=== Task details ===
Please return each entry that follows exactly as given, but without pictures.

------ Task input

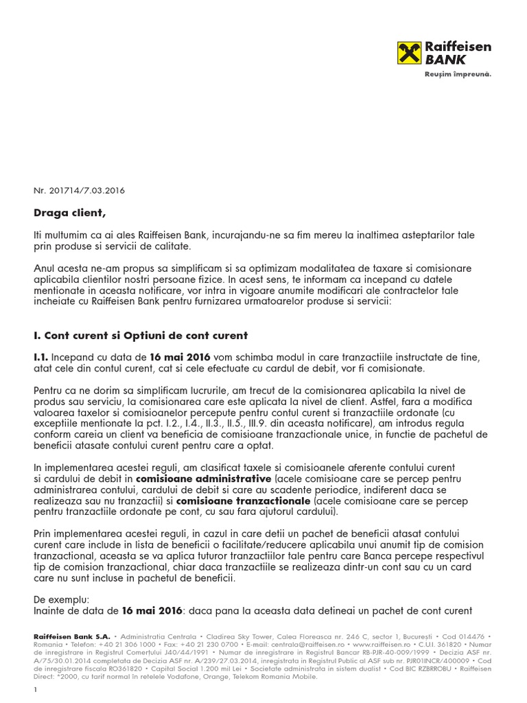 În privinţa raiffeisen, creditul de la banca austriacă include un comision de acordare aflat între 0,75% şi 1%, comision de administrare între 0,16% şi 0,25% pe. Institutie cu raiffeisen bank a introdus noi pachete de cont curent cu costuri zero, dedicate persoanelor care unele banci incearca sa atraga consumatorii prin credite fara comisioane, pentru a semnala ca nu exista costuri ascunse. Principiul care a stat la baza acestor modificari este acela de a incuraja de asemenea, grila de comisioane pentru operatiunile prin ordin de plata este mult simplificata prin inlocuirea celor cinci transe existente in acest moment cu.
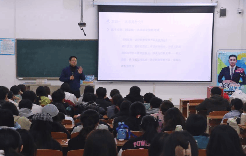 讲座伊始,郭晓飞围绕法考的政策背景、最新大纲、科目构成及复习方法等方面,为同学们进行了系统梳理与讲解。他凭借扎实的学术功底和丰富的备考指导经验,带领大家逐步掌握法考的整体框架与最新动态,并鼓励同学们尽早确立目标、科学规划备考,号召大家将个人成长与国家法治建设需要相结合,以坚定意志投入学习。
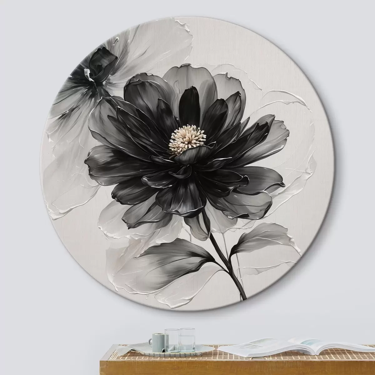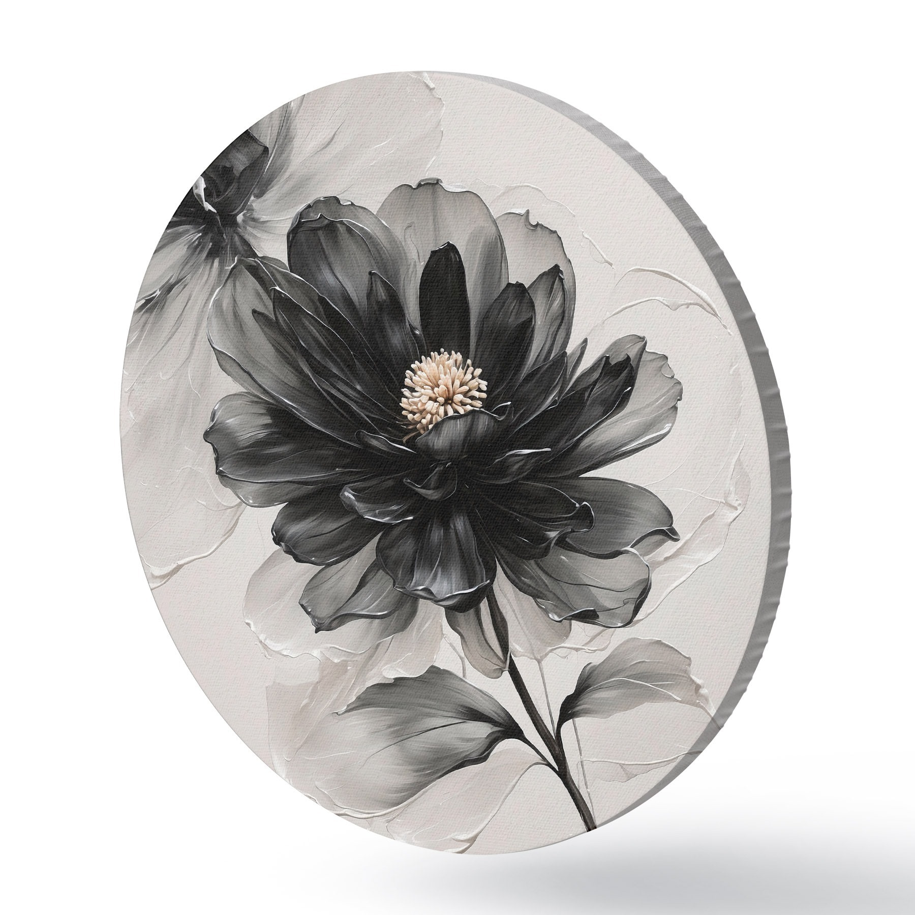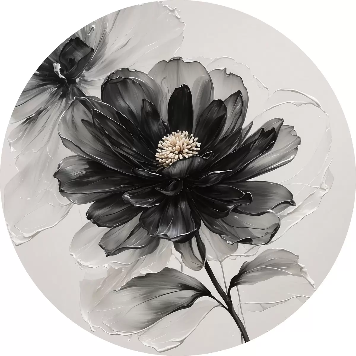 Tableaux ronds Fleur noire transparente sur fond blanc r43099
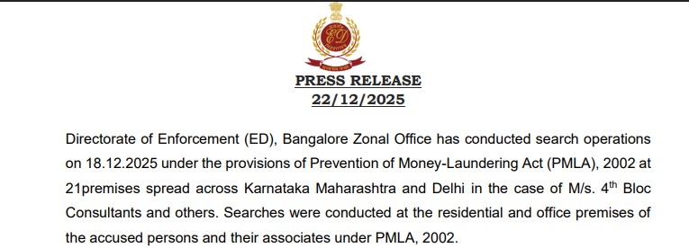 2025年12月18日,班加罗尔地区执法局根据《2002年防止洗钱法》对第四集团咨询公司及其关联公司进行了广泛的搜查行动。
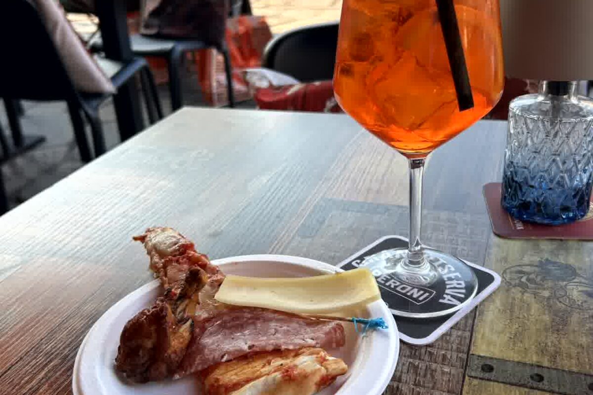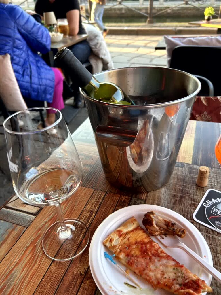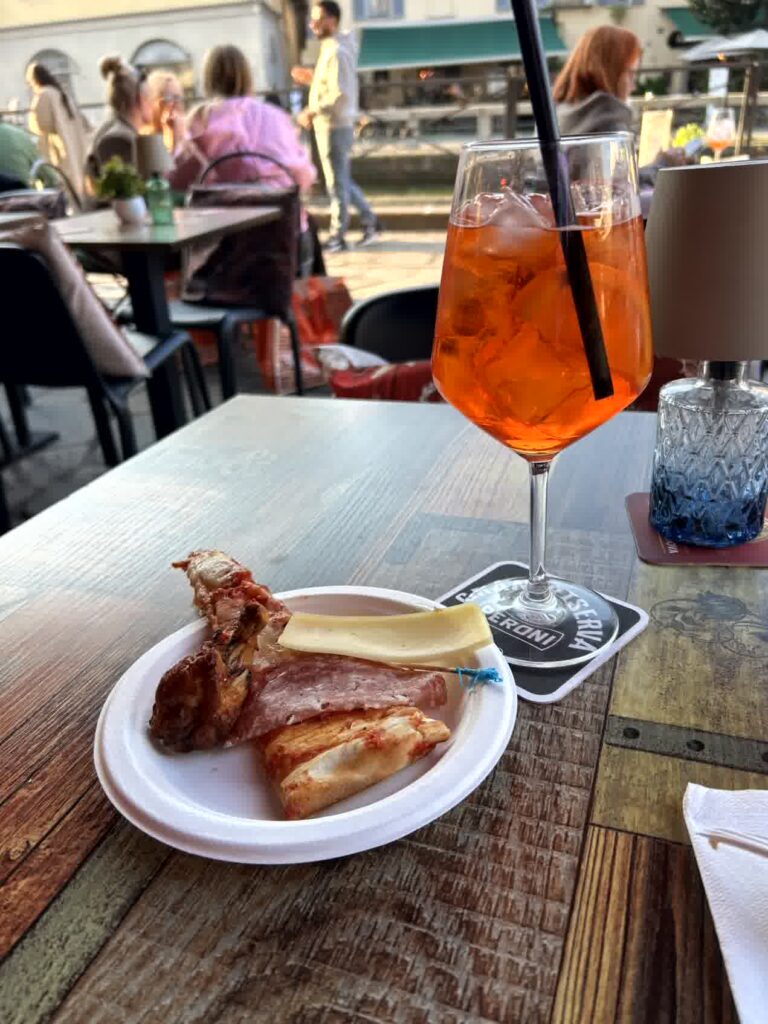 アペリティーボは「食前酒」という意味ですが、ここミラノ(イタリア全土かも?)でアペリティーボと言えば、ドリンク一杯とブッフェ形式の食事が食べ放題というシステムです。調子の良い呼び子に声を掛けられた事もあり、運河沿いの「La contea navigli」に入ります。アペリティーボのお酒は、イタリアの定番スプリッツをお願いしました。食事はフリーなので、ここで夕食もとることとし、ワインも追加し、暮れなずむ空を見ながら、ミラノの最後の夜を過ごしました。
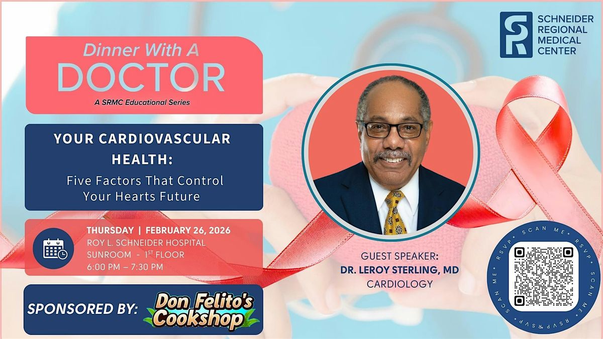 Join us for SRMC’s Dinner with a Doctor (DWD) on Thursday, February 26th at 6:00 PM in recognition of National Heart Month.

------------

=== Result ===
 În privinţa raiffeisen, creditul de la banca austriacă include un comision de acordare aflat între 0,75% şi 1%, comision de administrare între 0,16% şi 0,25% pe. Institutie cu raiffeisen bank a introdus noi pachete de cont curent cu costuri zero, dedicate persoanelor care unele banci incearca sa atraga consumatorii prin credite fara comisioane, pentru a semnala ca nu exista costuri ascunse. Principiul care a stat la baza acestor modificari este acela de a incuraja de asemenea, grila de comisioane pentru operatiunile prin ordin de plata este mult simplificata prin inlocuirea celor cinci transe existente in acest moment cu.
 讲座伊始,郭晓飞围绕法考的政策背景、最新大纲、科目构成及复习方法等方面,为同学们进行了系统梳理与讲解。他凭借扎实的学术功底和丰富的备考指导经验,带领大家逐步掌握法考的整体框架与最新动态,并鼓励同学们尽早确立目标、科学规划备考,号召大家将个人成长与国家法治建设需要相结合,以坚定意志投入学习。
 Tableaux ronds Fleur noire transparente sur fond blanc r43099
 2025年12月18日,班加罗尔地区执法局根据《2002年防止洗钱法》对第四集团咨询公司及其关联公司进行了广泛的搜查行动。
 アペリティーボは「食前酒」という意味ですが、ここミラノ(イタリア全土かも?)でアペリティーボと言えば、ドリンク一杯とブッフェ形式の食事が食べ放題というシステムです。調子の良い呼び子に声を掛けられた事もあり、運河沿いの「La contea navigli」に入ります。アペリティーボのお酒は、イタリアの定番スプリッツをお願いしました。食事はフリーなので、ここで夕食もとることとし、ワインも追加し、暮れなずむ空を見ながら、ミラノの最後の夜を過ごしました。
 Join us for SRMC’s Dinner with a Doctor (DWD) on Thursday, February 26th at 6:00 PM in recognition of National Heart Month.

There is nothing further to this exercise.